Leaked classified documents show the U.S. National Security Agency and its British counterpart are among the "worst offenders" of mass surveillance without oversight, according to an open letter purportedly written by Edward Snowden and published Sunday by the German magazine Der Spiegel.
The publication of the letter, titled "A Manifesto for the Truth," comes as leaks by the former NSA contract analyst have roiled U.S.-European relations amid allegations that the NSA and the UK's Government Communications Headquarters monitored the communication data of some world leaders.
"The world has learned a lot in a short amount of time about irresponsibly operated security agencies and, at times, criminal surveillance programs. Sometimes the agencies try to avoid controls," Snowden wrote, according to the news magazine.
"While the NSA and GCHQ (the British national security agency) appear to be the worst offenders -- at least according to the documents that are currently public -- we cannot forget that mass surveillance is a global problem and needs a global solution."
The letter, published in German by Der Spiegel, was written on Friday in Moscow and provided to Der Spiegel through a "locked channel," the news magazine said. It was published in German and has been translated by CNN.
Snowden, 30, has admitted in interviews he was the source behind the leak of classified NSA documents, which revealed the existence of top-secret surveillance programs that collect records of domestic e-mails and telephone calls in the United States and monitor the cell phone and Internet activity of overseas residents. He is wanted in the United States on espionage charges.
A recent report by Der Spiegel, citing documents provided by Snowden, alleged the NSA monitored German Chancellor Angela Merkel's cell phone. Some reports also suggest the United States carried out surveillance on French and Spanish citizens.
The allegations have prompted some European countries to call for investigations. It also has prompted congressional hearings in the United States, where some are calling for more transparency and more oversight of American spy programs.
The letter also accused governments of trying to squash debate about mass surveillance "with a never before seen witch hunt" that threatens journalists and criminalizes the publication of details about the programs.

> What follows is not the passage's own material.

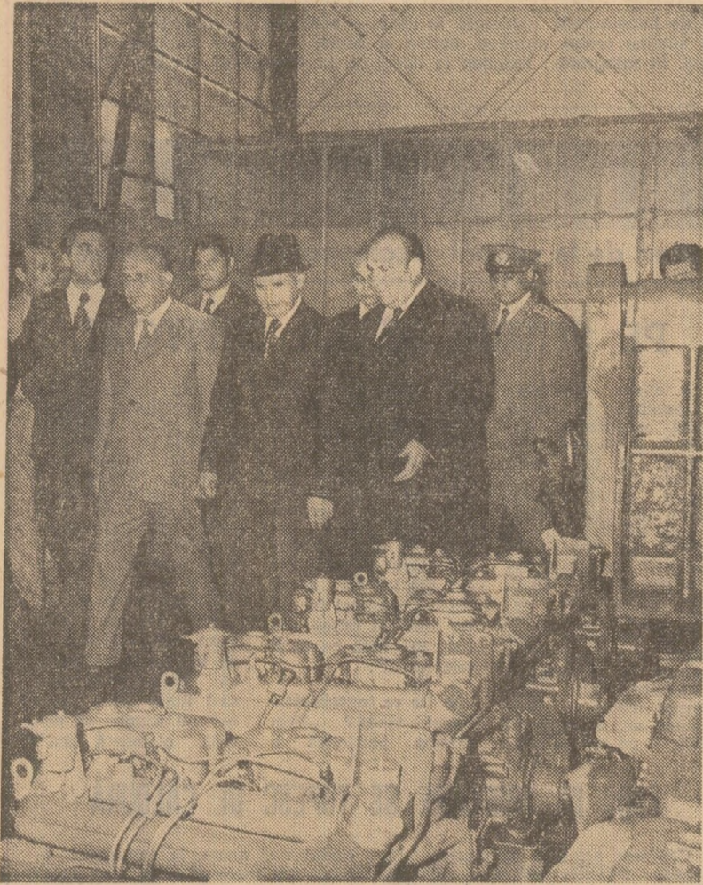
Intr-una din secțiile uzinei de tractoare

Coloana de mașini urcă apoi spre stațiunea Poiana Brașov, străbătînd una din cele mai pitorești artere din țară. De aici se deschide o splendidă panoramă a orașului Brașov și a Tării Biserii.

In the letter, Snowden purportedly writes that his actions were bringing about change.
"The debate they wanted to avoid is now taking place in countries around the world," the letter said.
"And instead of causing damage, the use of this new public knowledge is causing society to push for political reforms, oversight and new laws."
Snowden has been in Moscow since June after fleeing from Hong Kong. In August, Russia granted him asylum for one year.
The release of the open letter is the second in a matter of days from Snowden, who released a letter to German authorities through an intermediary.
Last week, Hans-Christian Stroebele, a member of Germany's parliament, met with Snowden in Russia. Stroebele returned from the meeting with a letter from Snowden to German authorities, which was distributed to the media.
In it, Snowden said he is confident that with international support, the United States would abandon its efforts to "treat dissent as defection" and "criminalize political speech with felony charges."
"I hope that when the difficulties of this humanitarian situation have been resolved, I will be able to cooperate in the responsible finding of fact regarding reports in the media, particularly in regard to the truth and authenticity of documents, as appropriate and in accordance with the law," he wrote.
The White House did not immediately respond to Snowden's claims in the letter.
But earlier Sunday, White House Senior Adviser Dan Pfeiffer said on ABC's "This Week" that there has been no discussion of granting Snowden clemency.
"Mr. Snowden violated U.S. law," Pfeiffer said. "And our belief has always been that he should return to the U.S. and face justice."
It was a sentiment echoed by the heads of the House and Senate intelligence committees.
"He had an opportunity -- if what he was, was a whistle-blower -- to pick up the phone and call the House Intelligence Committee, the Senate Intelligence Committee, and say, 'I have some information,'" Sen. Dianne Feinstein, chairwoman of the Senate Intelligence Committee, said Sunday on CBS' "Face the Nation."
House Intelligence Committee Chairman Mike Rogers, R-Michigan, said Snowden has to "own up with what he's done."